In its first-quarter earnings report this year, Twitter acknowledged there are a number of “false or spam accounts” on its platform, alongside legitimate monetizable daily active usage or users (mDAU). The company reported, “We have performed an internal review of a sample of accounts and estimate that the average of false or spam accounts during the first quarter of 2022 represented fewer than 5% of our mDAU during the quarter.”
Twitter also admitted to overstating user numbers by 1.4 million to 1.9 million users over the past 3 years. The company wrote, “In March of 2019, we launched a feature that allowed people to link multiple separate accounts together in order to conveniently switch between accounts,” Twitter disclosed. “An error was made at that time, such that actions taken via the primary account resulted in all linked accounts being counted as mDAU.”
While Musk may be justifiably curious, experts in social media, disinformation and statistical analysis say that his suggested approach to further analysis is woefully deficient.

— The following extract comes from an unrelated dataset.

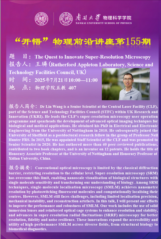 【“开悟”物理前沿讲座 (第155期)】The Quest to Innovate Super-Resolution Microscopy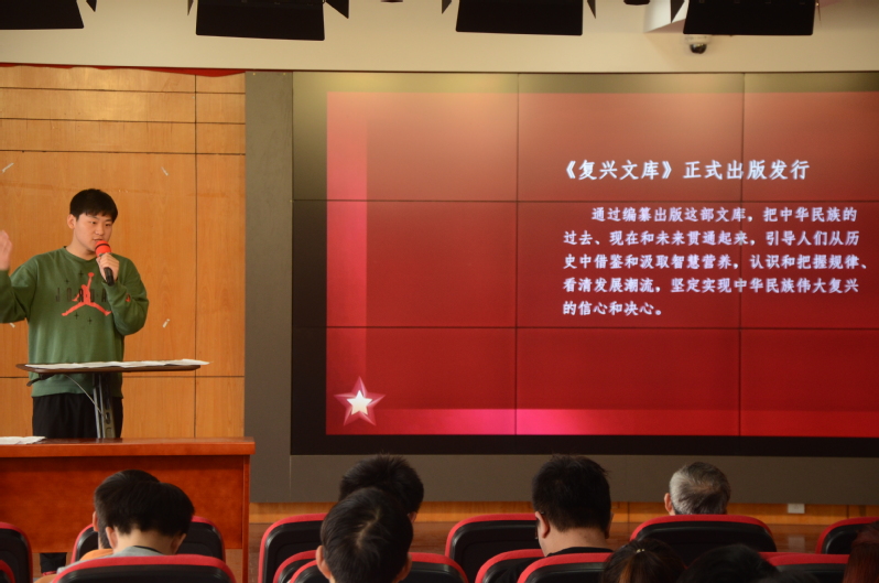 随后,文思木铎社宣讲员周韦,王雨生和倪辰瑶同学作为主讲人先后展开了他们的宣讲。周韦同学的《文化兴则国运兴,文化强则民族强》让听众再次认识到继承和发展中华优秀文化的重要性,坚定文化自信,中国才能更有底气,更加自立自强。王雨生同学宣讲的主题是《人与自然和谐共生的现代化》,让大家更加明白了中国式现代化人与自然和谐共生的深刻内涵。倪辰瑶同学的《珍惜韶华,奋发有为》宣讲告诉我们,当代青年要让自己在全面建设社会主义现代化国家的火热实践中绽放绚丽之花。

Here’s what the SpaceX and Tesla CEO said he would do to determine how many spam, fake and duplicate accounts exist on Twitter:
“To find out, my team will do a random sample of 100 followers of @twitter. I invite others to repeat the same process and see what they discover.” He clarified his methodology in subsequent tweets, adding: “Pick any account with a lot of followers,” and “Ignore first 1000 followers, then pick every 10th. I’m open to better ideas.”
Musk also said, without providing evidence, that he picked 100 as the sample size number for his study because that’s the number Twitter uses to calculate the numbers in their earnings reports.
“Any sensible random sampling process is fine. If many people independently get similar results for % of fake/spam/duplicate accounts, that will be telling. I picked 100 as the sample size number, because that is what Twitter uses to calculate <5% fake/spam/duplicate.”
Twitter declined to comment when asked if his description of its methodology was accurate.
Facebook co-founder Dustin Moskovitz weighed-in on the issue via his own Twitter account, pointing out that Musk’s approach is not actually random, uses a too small sample, and leaves room for massive errors.
He wrote, “Also I feel like ‘doesn’t trust the Twitter team to help pull the sample’ is it’s own kind of red flag.”
BotSentinel founder and CEO Christopher Bouzy said in an interview with CNBC that analysis by his company indicates that 10% to 15% of accounts on Twitter are likely “inauthentic,” including fakes, spammers, scammers, nefarious bots, duplicates, and “single-purpose hate accounts” which typically target and harass individuals, along with others who spread disinformation on purpose.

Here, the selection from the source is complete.